ProWritingAid for novelists
Document length - ProWritingAid vs. Grammarly
At a minimum, a novel is 60,000 words, and many tend to be above 80,000. With Grammarly, working on a document of that length becomes tricky. You'd have to split it up into smaller documents and work on it over multiple days. Grammarly has two document-length restrictions:
ProWritingAid doesn't hold you to word-count restrictions. And, according to its website, it can process up to 100,000 words without any reduction in speed.
ProWritingAid suggestions for fiction
ProWritingAid offers suggestions that are specifically intended for fiction writing, such as tips for descriptive writing. These suggestions are very similar to the kind a human line editor would offer for a fiction manuscript. Here are some examples:
If your writing is "telling" vs. "showing," the tool can give you suggestions for imagery.
Sometimes, writers use more words than necessary. ProWritingAid looks out for occurrences.
A writer may use a certain word or phrase many times. Even if all of the instances make sense in terms of meaning, the repetition can interfere with the flow of the story. ProWritingAid picks up on repeat words and phrases for you to consider rephrasing.
Though good scenes can, of course, contain some exposition, they're often filled with action and dialogue, giving them a fast pace. ProWritingAid looks out for sections of your manuscript that it senses have a slow pace. You can consider revising certain ones.
What are the disadvantages of ProWritingAid?
The disadvantage of ProWritingAid vs. Grammarly is that its plagiarism checker isn't part of the Premium plan, but accessed by credits purchased separately. However, these credits are very affordable.
Pricing - ProWritingAid vs. Grammarly
Both ProWritingAid and Grammarly offer a Free plan. Though I recommend trying either tool on its Free plan, if you want to get any major value out it, you need to upgrade to a Premium subscription.
A ProWritingAid Premium plan is $10/month. The cost is billed annually, ie, you'd pay $120 for a full year of access. You can test the Premium version before committing to the $120 payment. Once you sign up for a Premium plan, you have a 14-day refund guarantee.
You can try the tool on a full manuscript, with every feature available. Two weeks should be more than enough time to test it. If you don't love it, you can cancel the subscription and get all your money back.

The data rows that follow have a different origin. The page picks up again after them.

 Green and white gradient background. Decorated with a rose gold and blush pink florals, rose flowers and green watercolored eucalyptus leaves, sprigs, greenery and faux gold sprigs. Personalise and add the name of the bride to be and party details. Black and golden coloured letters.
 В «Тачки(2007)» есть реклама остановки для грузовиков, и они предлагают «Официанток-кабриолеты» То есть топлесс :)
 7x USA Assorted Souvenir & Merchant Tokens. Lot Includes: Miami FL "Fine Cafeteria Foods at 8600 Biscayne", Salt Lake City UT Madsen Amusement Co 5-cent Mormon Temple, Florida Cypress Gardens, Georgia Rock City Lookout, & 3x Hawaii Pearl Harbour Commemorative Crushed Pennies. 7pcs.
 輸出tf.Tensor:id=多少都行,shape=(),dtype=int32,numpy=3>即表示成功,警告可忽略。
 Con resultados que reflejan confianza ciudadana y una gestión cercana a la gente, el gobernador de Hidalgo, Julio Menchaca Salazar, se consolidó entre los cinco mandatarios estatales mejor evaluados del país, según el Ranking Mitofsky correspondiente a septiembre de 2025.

Unlike the Grammarly version, the ProWritingAid plagiarism checker comes an additional cost, starting at $10 for 10 checks. However, team features - like a shared style guide and team analytics - do not come at an additional cost on ProWritingAid, while they do for Grammarly.

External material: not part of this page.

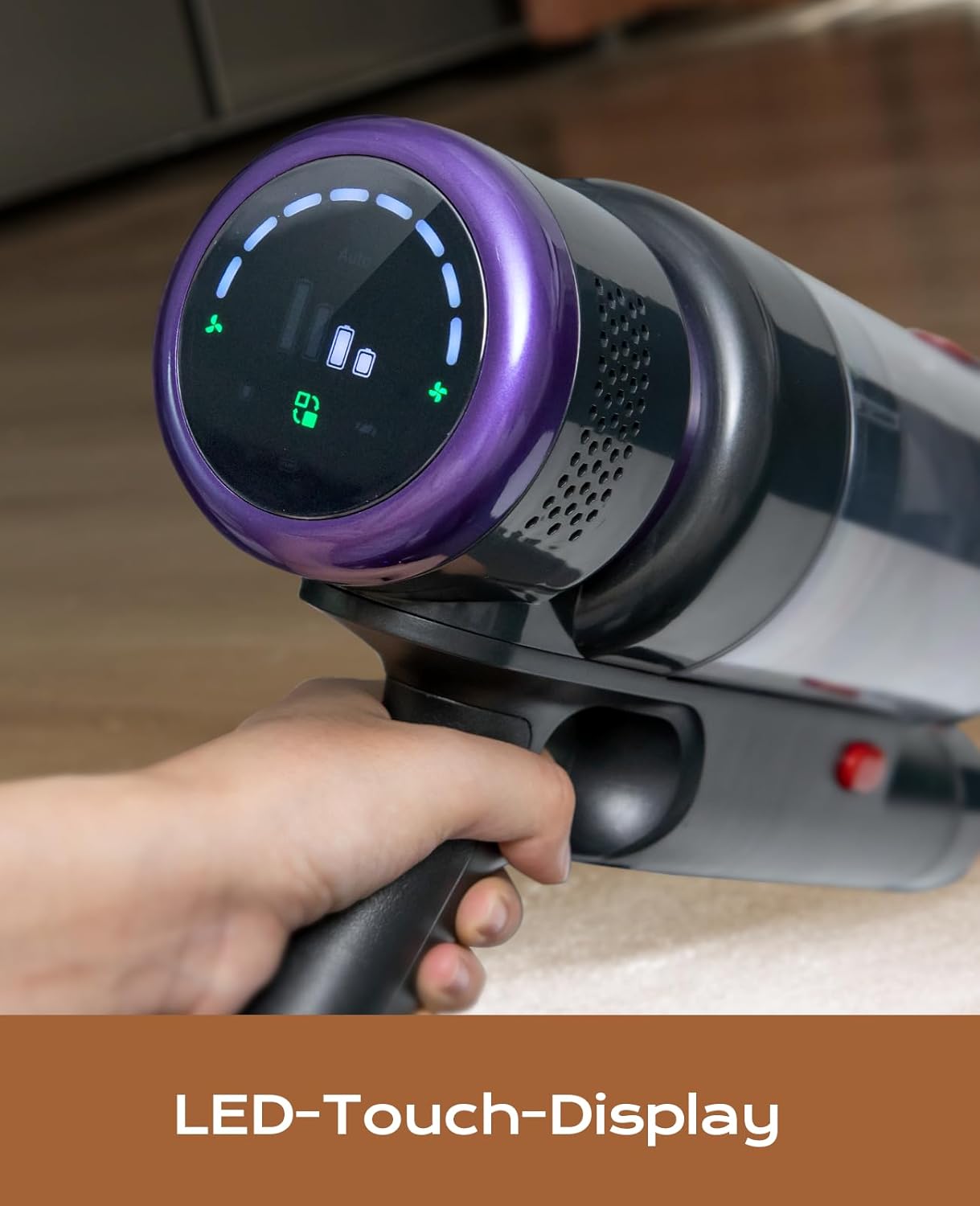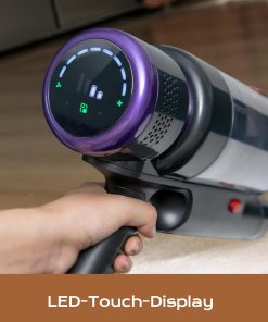 - Écran tactile LED : le panneau de commande LED intelligent permet une adaptation facile de la puissance d’aspiration et affiche l’état de la batterie, ainsi que des signalisations de brosses bouchées et des blocs d’aspiration. Ce design est plus pratique et pratique que les commandes à bouton traditionnels

A Grammarly Premium plan is $12/month. If you happen to be purchasing Grammarly for a team, you'd need a Business account, which is $15/month per team member.
What is the difference between ProWritingAid Free and Premium?
On a ProWritingAid Free plan, you have a document-length limit of 500 words, plus a rephrase limit of 10 per day. Though the Free plan will give you access to grammar, spelling, and punctuation checks, it won't give you stylistic suggestions.
Is ProWritingAid worth it?
Yes, ProWritingAid is worth the cost of $10/month. It can save you a lot time during the self-editing process. For instance, manually checking a long document for repeat phrases can take several hours, if not more. For just $10/month, you can get back all those hours.
Which writing aid is best?
If you are a fiction writer, ProWritingAid is preferable to Grammarly because of its lack of word-count restrictions and its fiction-writing style suggestions. If you're not a novelist, feature-wise, both writing aids are very similar, though ProWritingAid is slightly cheaper.